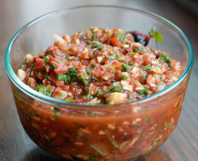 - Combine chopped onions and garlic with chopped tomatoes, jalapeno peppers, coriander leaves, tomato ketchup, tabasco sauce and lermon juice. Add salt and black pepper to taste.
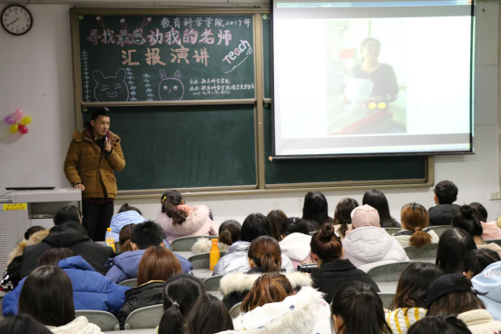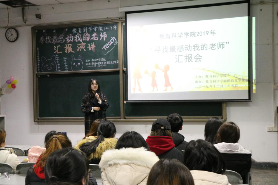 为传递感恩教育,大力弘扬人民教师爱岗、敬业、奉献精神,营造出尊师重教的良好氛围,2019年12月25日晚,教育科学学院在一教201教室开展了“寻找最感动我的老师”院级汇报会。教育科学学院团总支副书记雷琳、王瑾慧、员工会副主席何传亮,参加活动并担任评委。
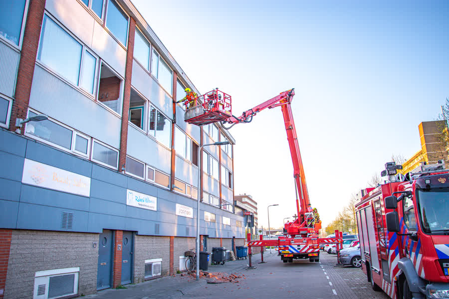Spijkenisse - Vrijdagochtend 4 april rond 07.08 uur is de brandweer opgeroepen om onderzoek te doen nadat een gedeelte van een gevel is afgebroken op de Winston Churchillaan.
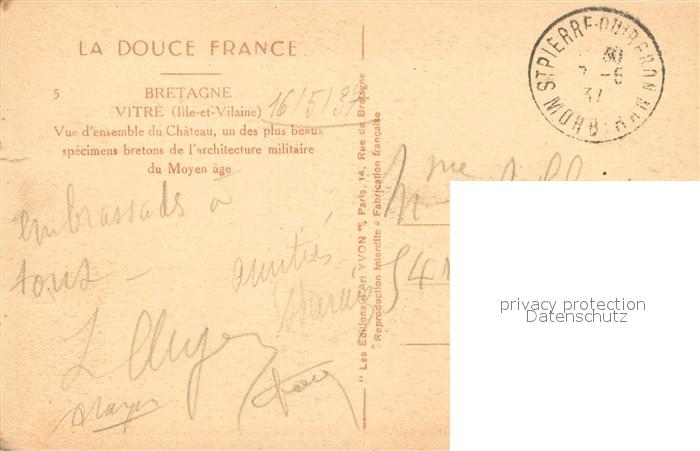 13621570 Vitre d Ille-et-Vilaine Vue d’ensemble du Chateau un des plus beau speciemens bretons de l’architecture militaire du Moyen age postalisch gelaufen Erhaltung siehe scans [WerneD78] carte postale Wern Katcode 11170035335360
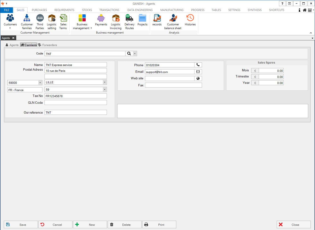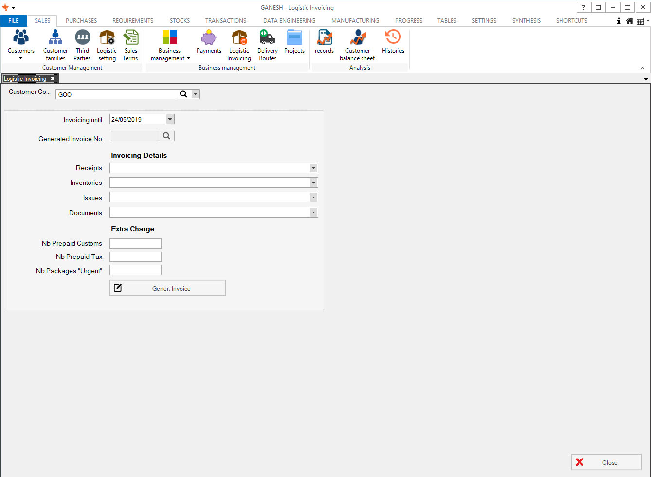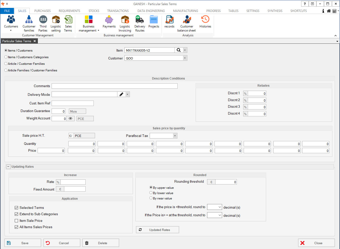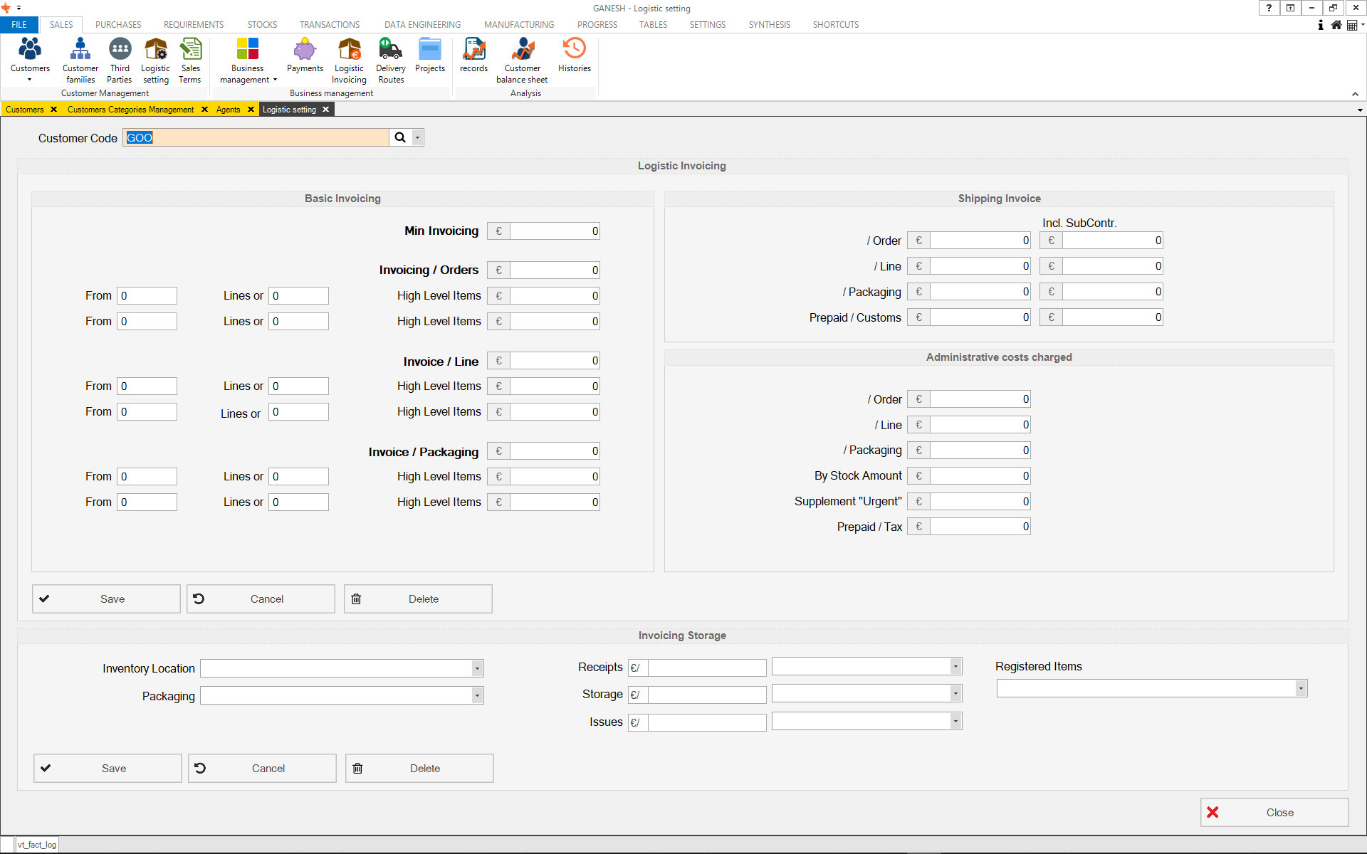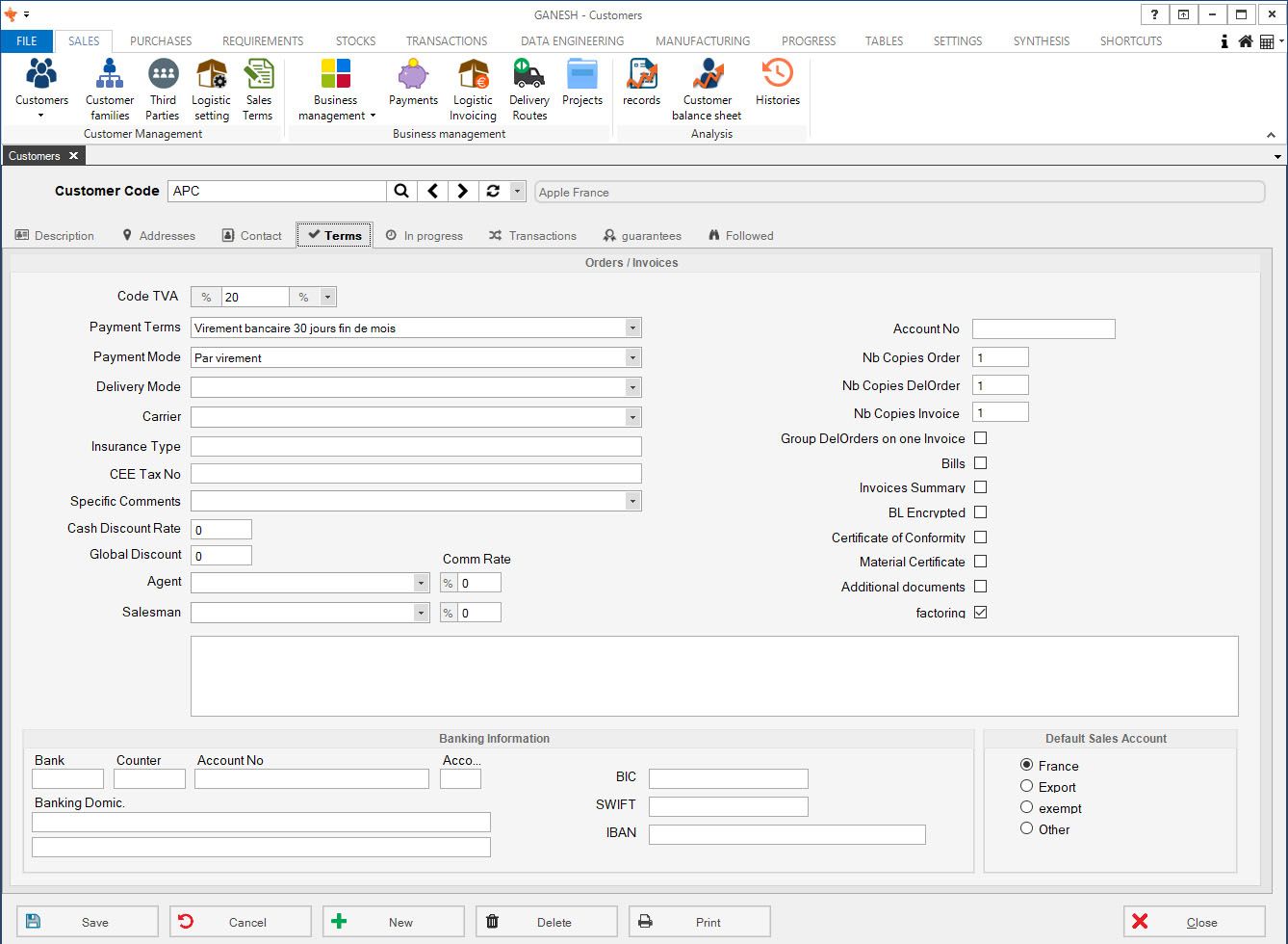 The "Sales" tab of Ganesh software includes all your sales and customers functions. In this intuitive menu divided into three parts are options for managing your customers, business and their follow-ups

What is required =
Omit every picture while printing the data word for word.

Answer section =
 - Combine chopped onions and garlic with chopped tomatoes, jalapeno peppers, coriander leaves, tomato ketchup, tabasco sauce and lermon juice. Add salt and black pepper to taste.
 为传递感恩教育,大力弘扬人民教师爱岗、敬业、奉献精神,营造出尊师重教的良好氛围,2019年12月25日晚,教育科学学院在一教201教室开展了“寻找最感动我的老师”院级汇报会。教育科学学院团总支副书记雷琳、王瑾慧、员工会副主席何传亮,参加活动并担任评委。
Spijkenisse - Vrijdagochtend 4 april rond 07.08 uur is de brandweer opgeroepen om onderzoek te doen nadat een gedeelte van een gevel is afgebroken op de Winston Churchillaan.
 13621570 Vitre d Ille-et-Vilaine Vue d’ensemble du Chateau un des plus beau speciemens bretons de l’architecture militaire du Moyen age postalisch gelaufen Erhaltung siehe scans [WerneD78] carte postale Wern Katcode 11170035335360
 The "Sales" tab of Ganesh software includes all your sales and customers functions. In this intuitive menu divided into three parts are options for managing your customers, business and their follow-ups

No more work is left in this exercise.